Speaker Preview: In the Cloud at the FIFA World Cup™
In a football-crazy country with 200 million people, and a truly global customer-base beyond that, handling 1 million unique visitors in a single day is a special challenge.
But an even bigger challenge is the fact that all of those visitors ultimately want a ticket for the FIFA World Cup™ final. In order to deliver performance, reliability and scalability whilst at the same time managing end-customer expectations, MATCH Services have implemented leading edge cloud technologies for the 2014 FIFA World Cup Brazil™.
Taking us through how their leading edge cloud technologies are being utilised are –
- Tony Pearson, Business Consultant FIFA World Cup™, MATCH Services, Spain
- Chris Budd, Project Director, MATCH Serviços de Eventos, Spain
Prior to their presentation in March, Tony and Chris provided some key insight into the principles and specific analysis they considered before moving to the Cloud –
1. We took our time in choosing the right partners to fit our business model…
We didn’t only consider the hosting of the applications and data, but we also needed to consider caching and queuing technologies. We included in our analysis the services offered for backups and disaster recovery. We needed to ensure PCI compliance and to consider particular security requirements. We also had specific data protection legislation to adhere to. Finally, we also paid close attention to the maximum transaction throughput we would attain.
2. We didn’t fall into the trap of thinking that it’s all or nothing…
We decided that we didn’t have to migrate everything at once. If you’ll have to rewrite a lot of code just to enable the transition, then maybe you are being too ambitious.
3. We did some maths…
What were our financial objectives of moving to the cloud? We weren’t going to sell more tickets. We didn’t have any other event to cross sell. Then the objective was purely to reduce hosting costs (and we have). But then we forgot to include everything in our costings. If you go through the same don’t forget, for example, to include the costs for your research, setup, learning curve, development and (especially) testing activity, because you’ll get a bill for those too.

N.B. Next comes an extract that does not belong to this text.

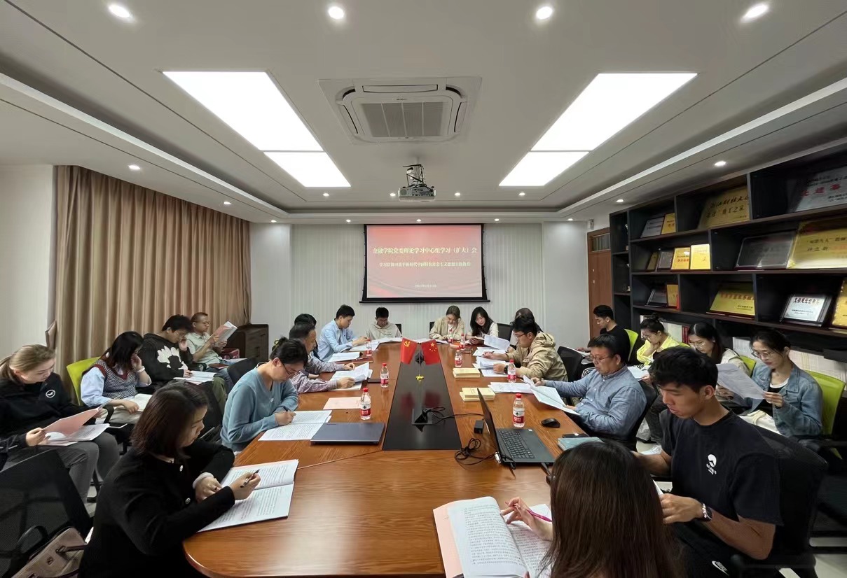 党委理论学习中心组召开学习(扩大)会,专题学习贯彻习近平新时代中国特色社会主义思想主题教育相关精神。学院党委理论中心组成员、各党支部书记、党建指导老师参加学习会,本次会议由党委书记蔡国金主持。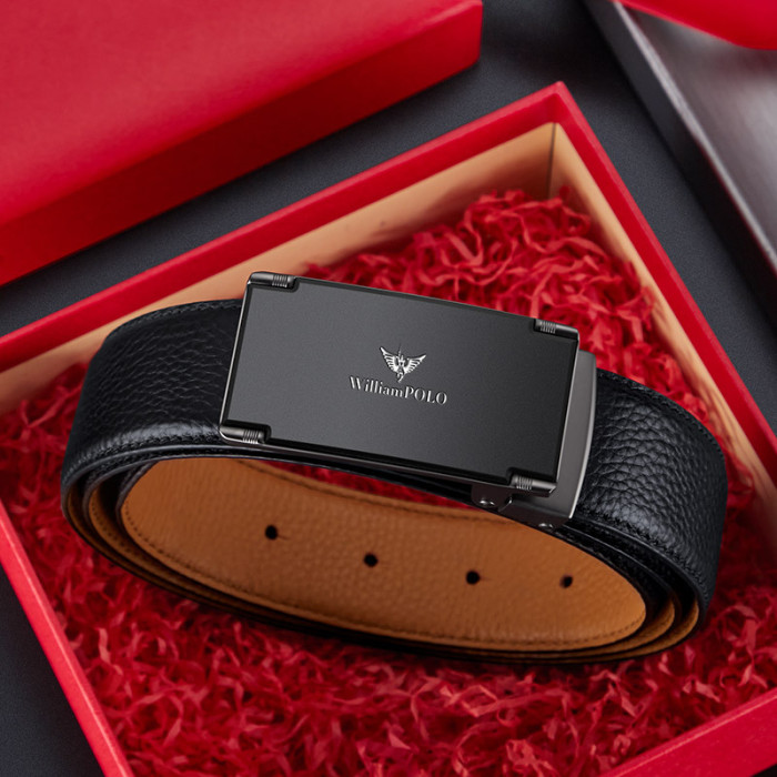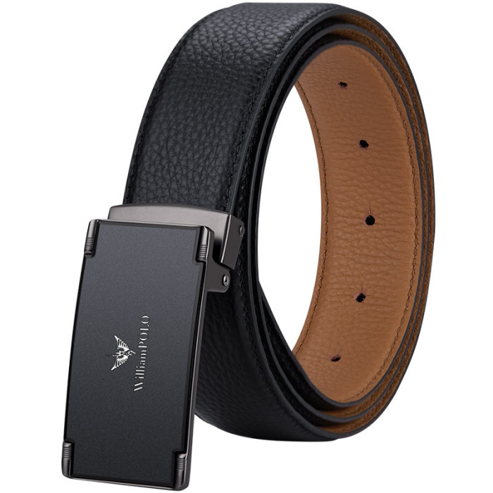 英皇保羅皮帶男士真皮平滑釦板釦打孔腰帶男士商務皮帶男士高級感

4. We did some more maths….
Our ticket inventory and sales model were fixed. We had a lot of tickets but not nearly enough to satisfy demand. We had unpredictable (huge) demand peaks and wanted to reduce the possibility of our sites being swamped. The decision we had to take from an economy of scale perspective was, “is there any real point in letting more customers into our shop than we have tickets to sell?” Did we want to focus the solution on serving promptly the customers we could serve, rather than allowing millions of customers, who we could not possibly serve, wander around our site?
5. We did even more maths….
Would our payment gateway be able to handle the throughput? Would our other third parties increase the total transaction time or become a bottleneck? How many single points of failure would we still have even after migrating to the cloud and how many of those would be still out of our control?”